Problem requirements: Locate "Μπλούζα με φόδρα, με" in the listing. Transcribe the line that contains it and every line that follows, through the last, omitting all pictures.

Collected data:
++++++++

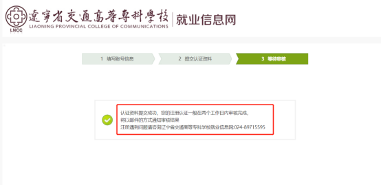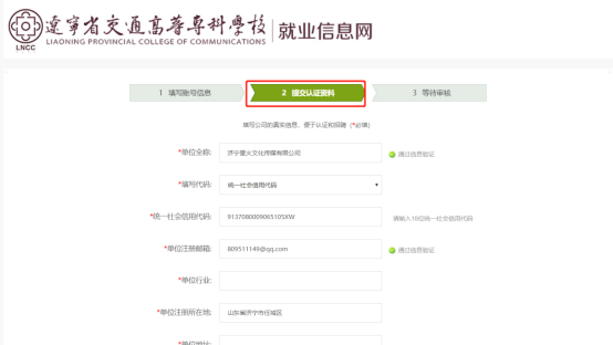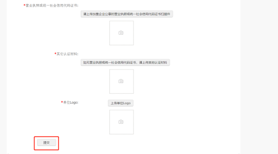 3.然后填写认证材料信息、上传认证材料后点击“提交按钮”即可提交给学校老师进行审核。审核通过后会有邮件提醒,然后就可以进行招聘会的报名。
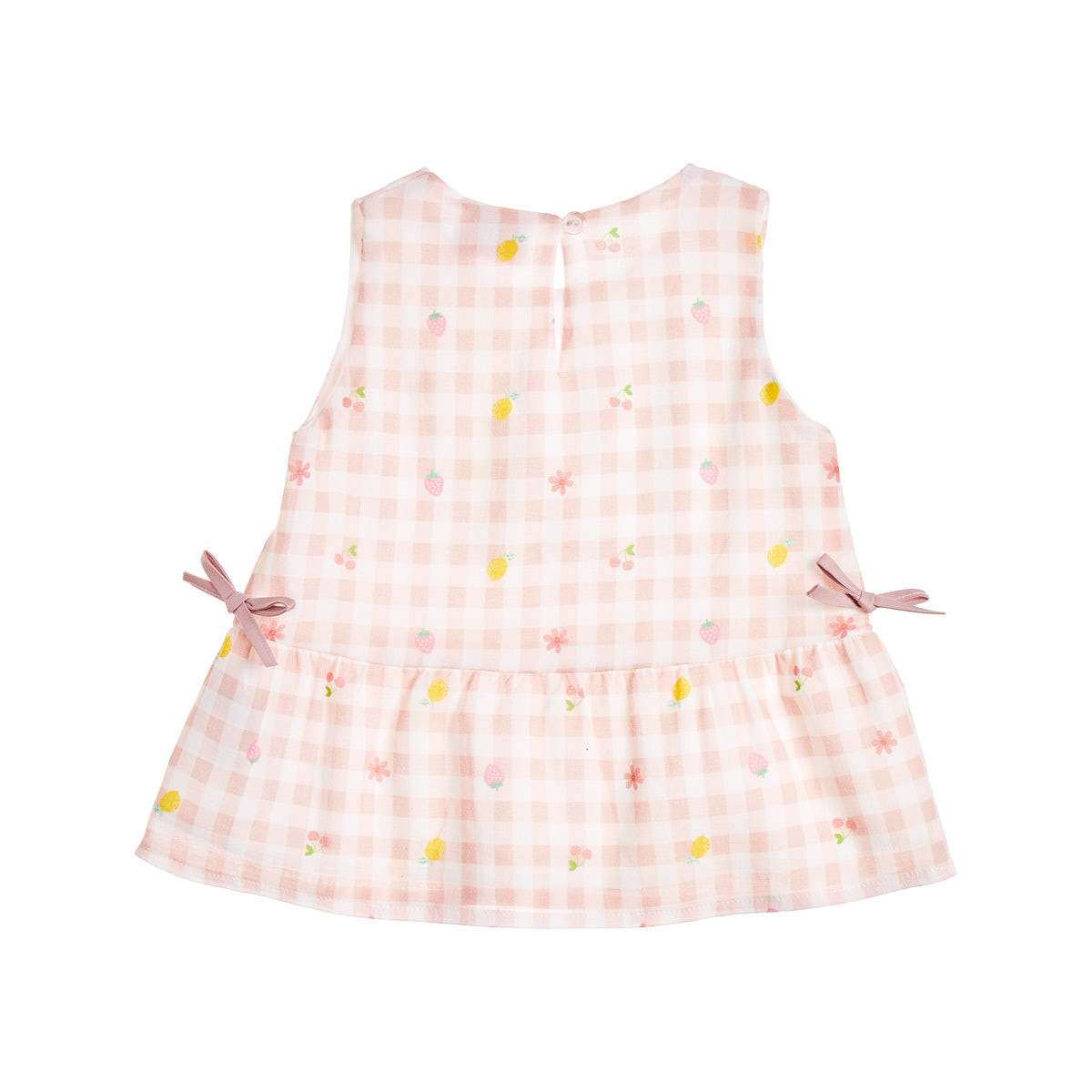 Μπλούζα με φόδρα, με ελαφρώς εβαζέ κάτω μέρος, διακοσμητικά φιογκάκι στο πλάι, μικρό άνοιγμα στην πλάτη με κουμπί και καρό μοτίβο.
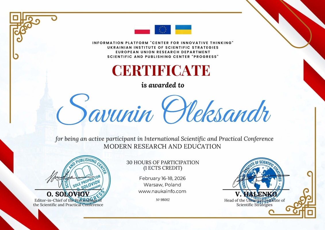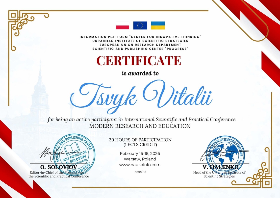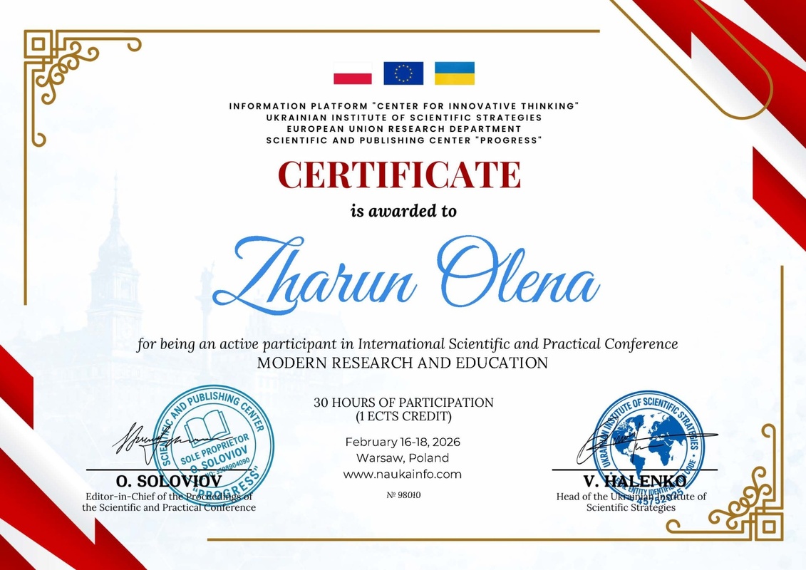 Доцент кафедри підприємництва та бізнес-технологій Олена ЖАРУН разом із здобувачами третього (освітньо-наукового) рівня взяла участь у міжнародному науково-освітньому заході «Modern Research and Education», що відбувся 16–18 лютого 2026 року у Варшаві. Захід проходив в онлайн-форматі, що дало можливість долучитися до міжнародної академічної дискусії незалежно від географічних кордонів та забезпечило активну комунікацію з науковцями і освітянами з різних країн світу.
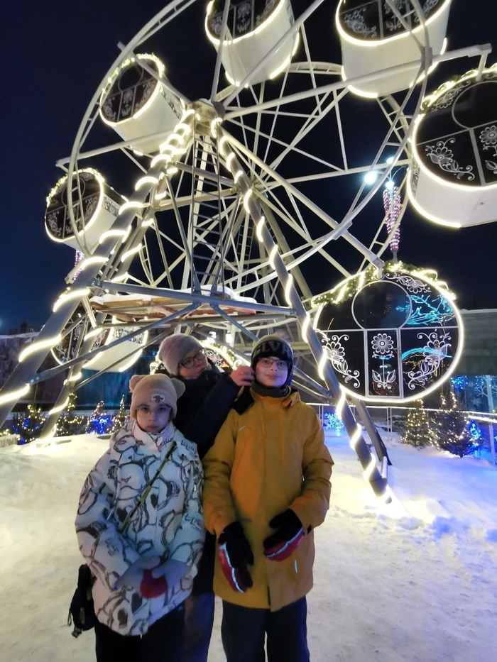 Потом все вместе прокатились на колесе обозрения. Правда, окна там оказались затемненными, и изнутри практически ничего не было видно, поэтому пофотографировать не получилось. Зато отапливаемые кабинки — хоть погрелись)).

++++++++

Response to the task:
 Μπλούζα με φόδρα, με ελαφρώς εβαζέ κάτω μέρος, διακοσμητικά φιογκάκι στο πλάι, μικρό άνοιγμα στην πλάτη με κουμπί και καρό μοτίβο.
 Доцент кафедри підприємництва та бізнес-технологій Олена ЖАРУН разом із здобувачами третього (освітньо-наукового) рівня взяла участь у міжнародному науково-освітньому заході «Modern Research and Education», що відбувся 16–18 лютого 2026 року у Варшаві. Захід проходив в онлайн-форматі, що дало можливість долучитися до міжнародної академічної дискусії незалежно від географічних кордонів та забезпечило активну комунікацію з науковцями і освітянами з різних країн світу.
 Потом все вместе прокатились на колесе обозрения. Правда, окна там оказались затемненными, и изнутри практически ничего не было видно, поэтому пофотографировать не получилось. Зато отапливаемые кабинки — хоть погрелись)).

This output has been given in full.